Alex is the final character who establishes herself as a loner, going over Hank’s head to kidnap Maxwell Lord and throw him into a glass prison lest he reveal the truth about her sister’s secret identity. There’s been a slow burning through-line of Alex’s ruthlessness (particularly her takedown of Dr. Morrow in “Red Faced” and her mutiny in “Human For A Day”), but she crosses a big line tonight as she decides the safety of her family outweighs the U.S. constitution. (“Holding people indefinitely against their will: Can’t get more American than that.”) Alex is the one main Supergirl character desperately in need of shading and hopefully her brush with illegality will lead to some character development.

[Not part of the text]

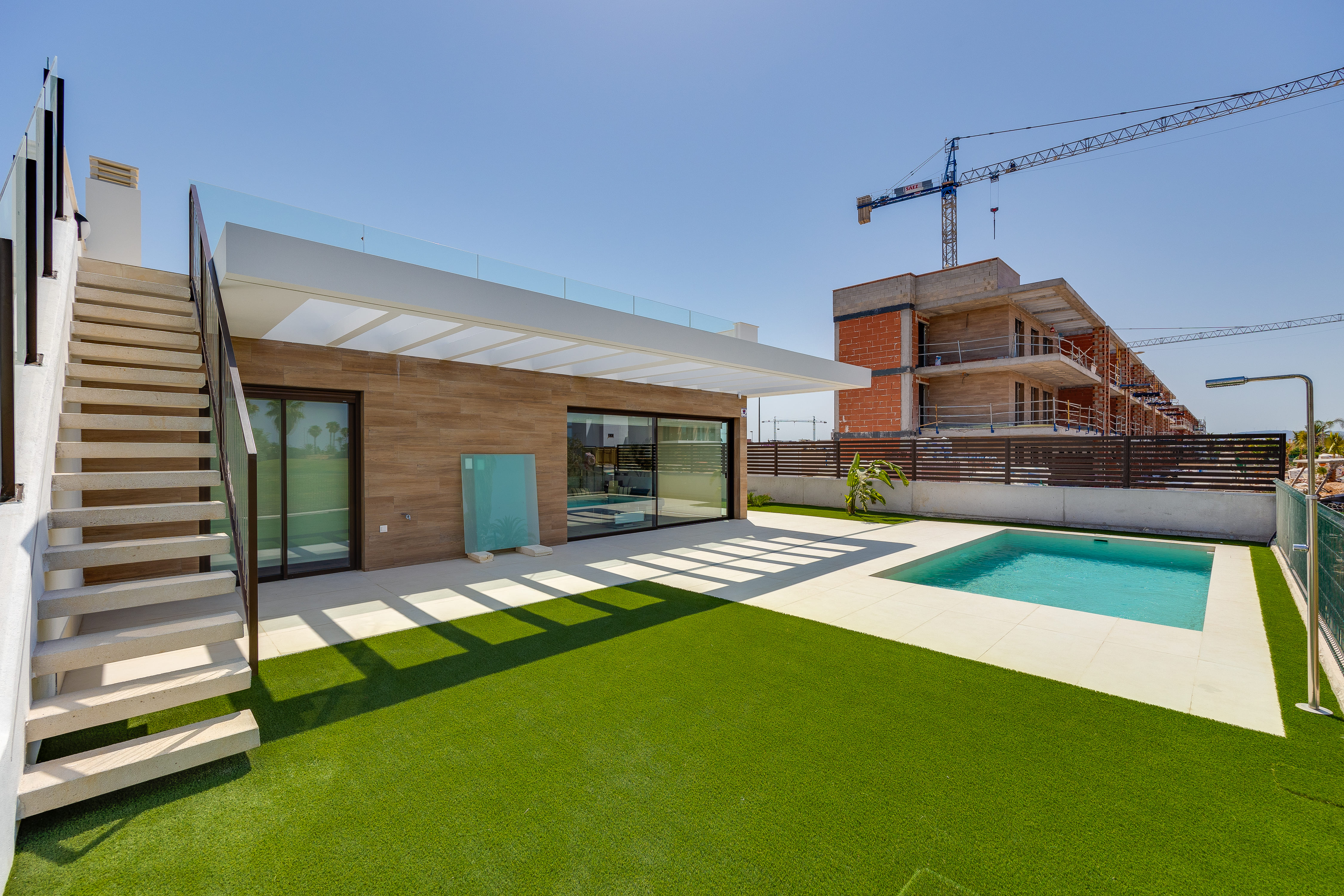 Outside, the private plot of approximately 350 m² transforms into a true personal oasis. The private pool is perfect for cooling off on warmer days, while the solarium located at the top invites relaxation and enjoyment of the open views of the golf course and the surrounding natural environment.

It feels like Supergirl has started to find its stride over the course of these past few episodes. Here’s hoping that streak continues as Kara faces off against a murderous plant.
- I’ve been very suspicious about what Supergirl was doing with Winn’s arc, but apparently the show was just telling the story of a guy who develops feelings for his friend and then learns to get over it when she doesn’t reciprocate them. Cool.
- Maybe it’s just residual good will because he was one of the only good things about the Twilight franchise, but I like Peter Facinelli’s smarmy, entitled take on Maxwell Lord
- Okay, even though Adam and Kara are adorable together, it strikes me as a little odd how emotionally invested they are in each other after going on, like, one and a half dates.
- I love that Alex and Hank go through all of the obvious sci-fi explanations for a doppelgänger: Shape-shifter, clone, android. Nice way to stay ahead of a genre-savvy audience.